• [Exercise brief]:
Write again exactly the lines in the listing below, starting at the line with "在這里需要特別說明的是,由于" and ending at the line with "XI BK 1ST SEMESTER EXAM", both included. Pictures are not copied.

• [Material supplied]:
********
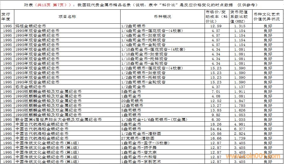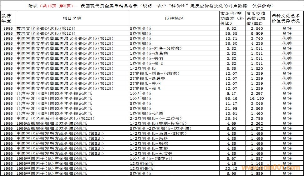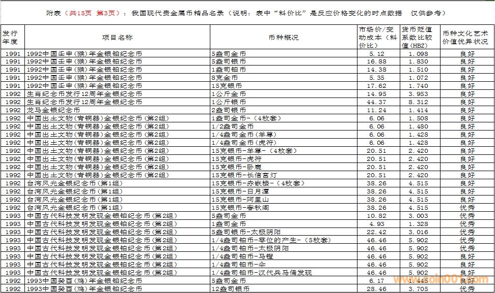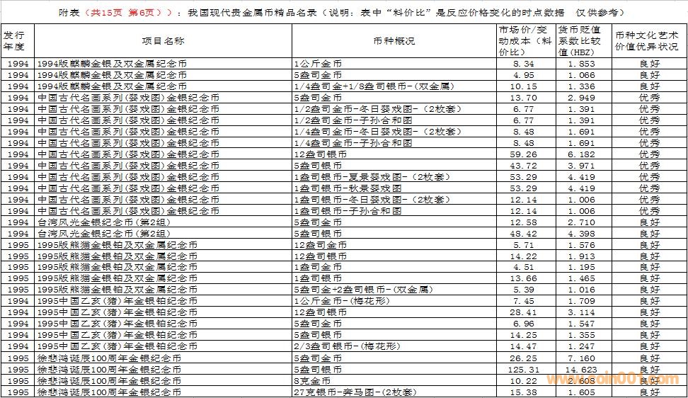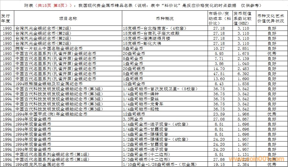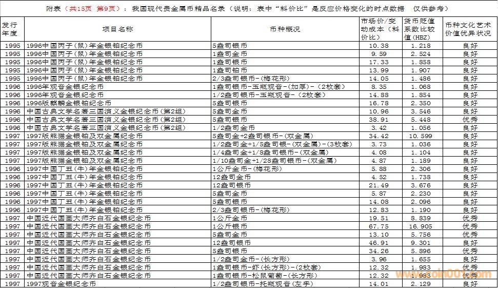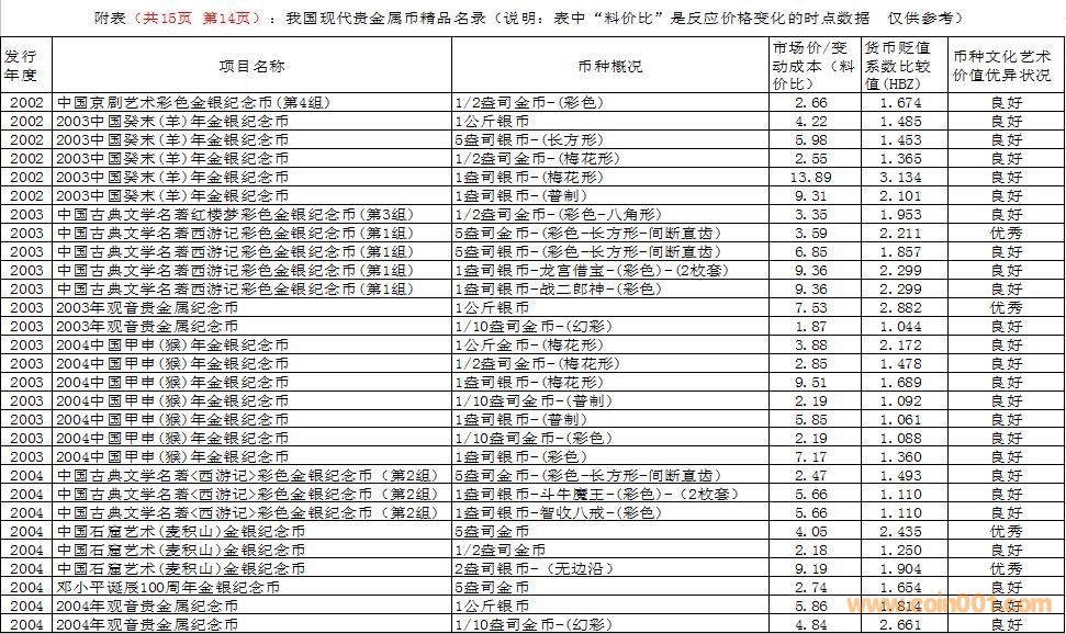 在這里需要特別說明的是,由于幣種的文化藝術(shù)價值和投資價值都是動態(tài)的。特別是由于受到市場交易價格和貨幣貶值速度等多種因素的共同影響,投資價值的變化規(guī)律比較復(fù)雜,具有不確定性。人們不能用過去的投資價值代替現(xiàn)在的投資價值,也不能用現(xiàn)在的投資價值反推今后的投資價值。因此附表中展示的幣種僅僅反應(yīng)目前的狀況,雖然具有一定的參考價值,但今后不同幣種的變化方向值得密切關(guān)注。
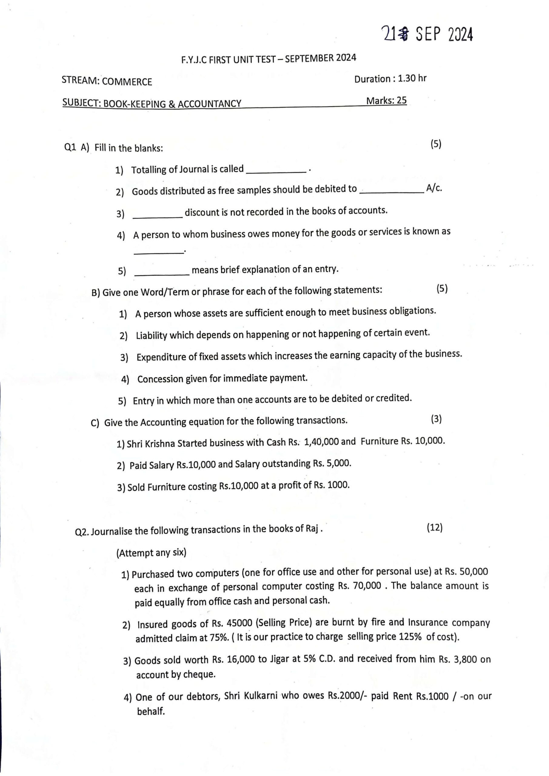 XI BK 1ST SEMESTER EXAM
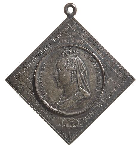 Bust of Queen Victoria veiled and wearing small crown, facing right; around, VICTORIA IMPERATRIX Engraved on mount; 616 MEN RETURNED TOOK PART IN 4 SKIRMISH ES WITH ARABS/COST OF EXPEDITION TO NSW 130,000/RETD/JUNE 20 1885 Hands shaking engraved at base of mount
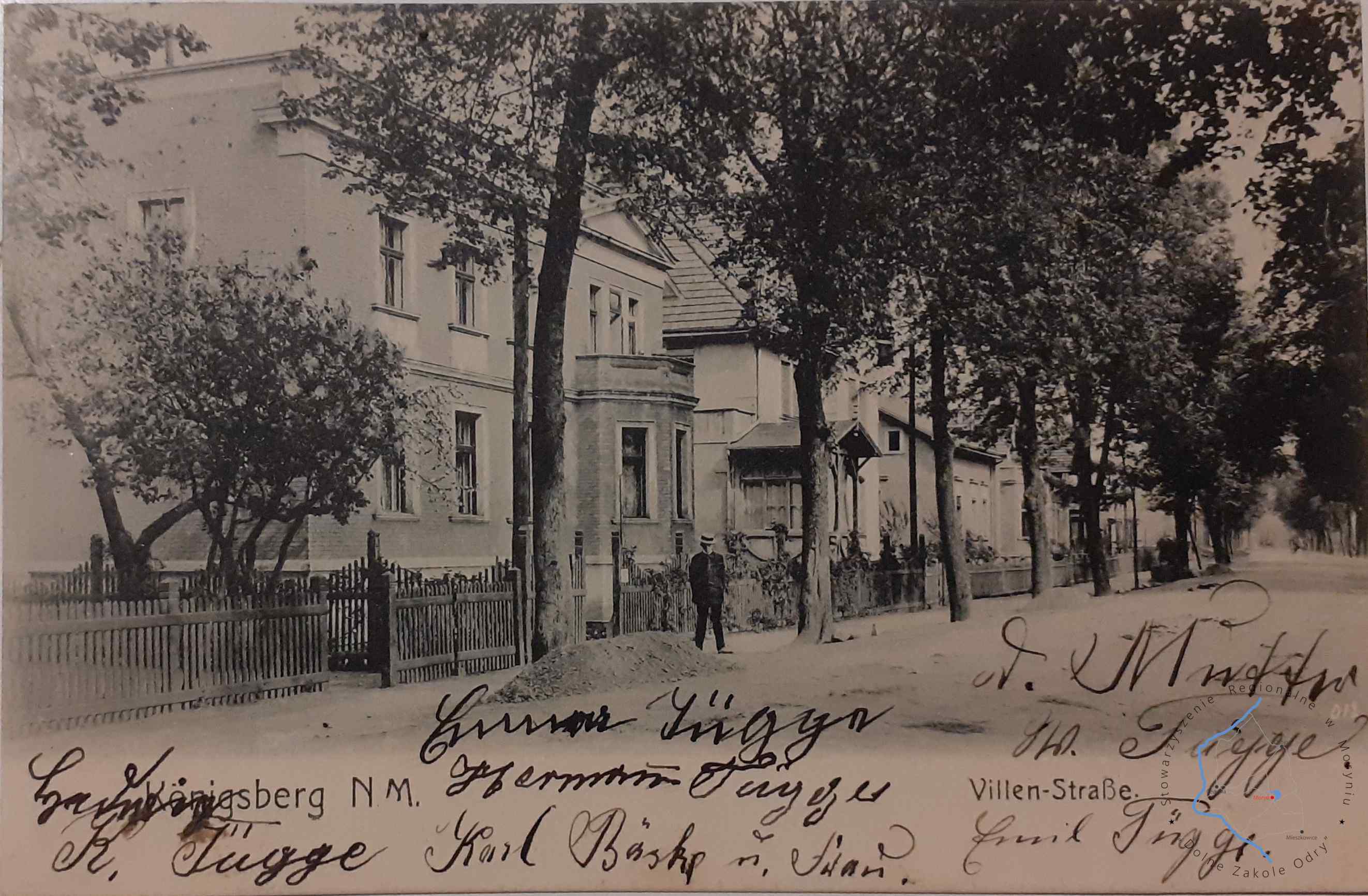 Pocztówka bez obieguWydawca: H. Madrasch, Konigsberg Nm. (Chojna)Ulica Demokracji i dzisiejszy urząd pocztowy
********
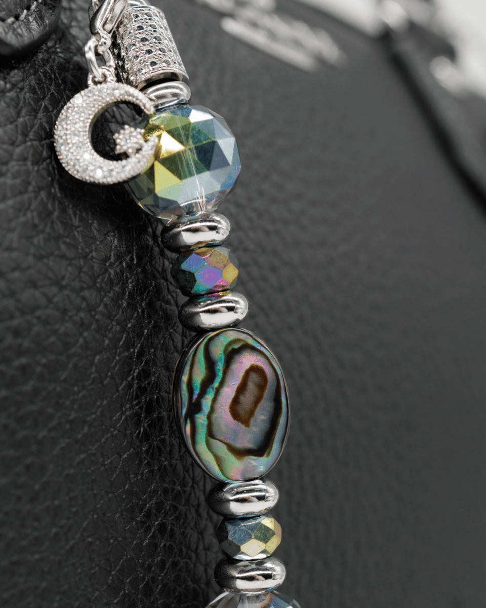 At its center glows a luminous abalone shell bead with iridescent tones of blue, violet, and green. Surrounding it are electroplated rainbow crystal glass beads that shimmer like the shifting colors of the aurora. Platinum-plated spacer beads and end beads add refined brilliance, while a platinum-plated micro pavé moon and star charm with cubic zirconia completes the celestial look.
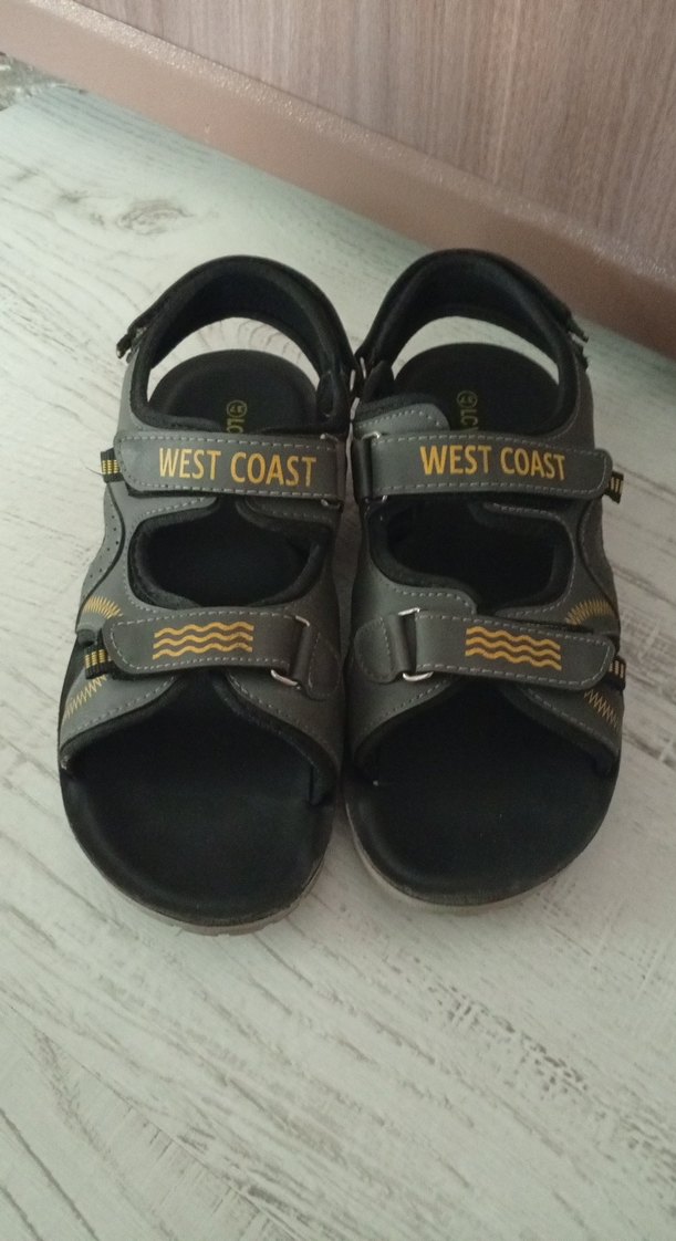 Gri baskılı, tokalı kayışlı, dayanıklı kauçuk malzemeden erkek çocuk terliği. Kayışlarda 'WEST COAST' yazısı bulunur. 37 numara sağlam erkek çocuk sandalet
********
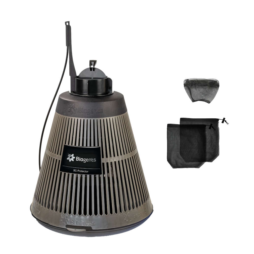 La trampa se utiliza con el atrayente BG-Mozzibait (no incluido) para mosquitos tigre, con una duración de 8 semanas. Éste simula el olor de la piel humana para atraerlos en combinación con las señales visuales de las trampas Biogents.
********
• [Exercise solution]:
 在這里需要特別說明的是,由于幣種的文化藝術(shù)價值和投資價值都是動態(tài)的。特別是由于受到市場交易價格和貨幣貶值速度等多種因素的共同影響,投資價值的變化規(guī)律比較復(fù)雜,具有不確定性。人們不能用過去的投資價值代替現(xiàn)在的投資價值,也不能用現(xiàn)在的投資價值反推今后的投資價值。因此附表中展示的幣種僅僅反應(yīng)目前的狀況,雖然具有一定的參考價值,但今后不同幣種的變化方向值得密切關(guān)注。
 XI BK 1ST SEMESTER EXAM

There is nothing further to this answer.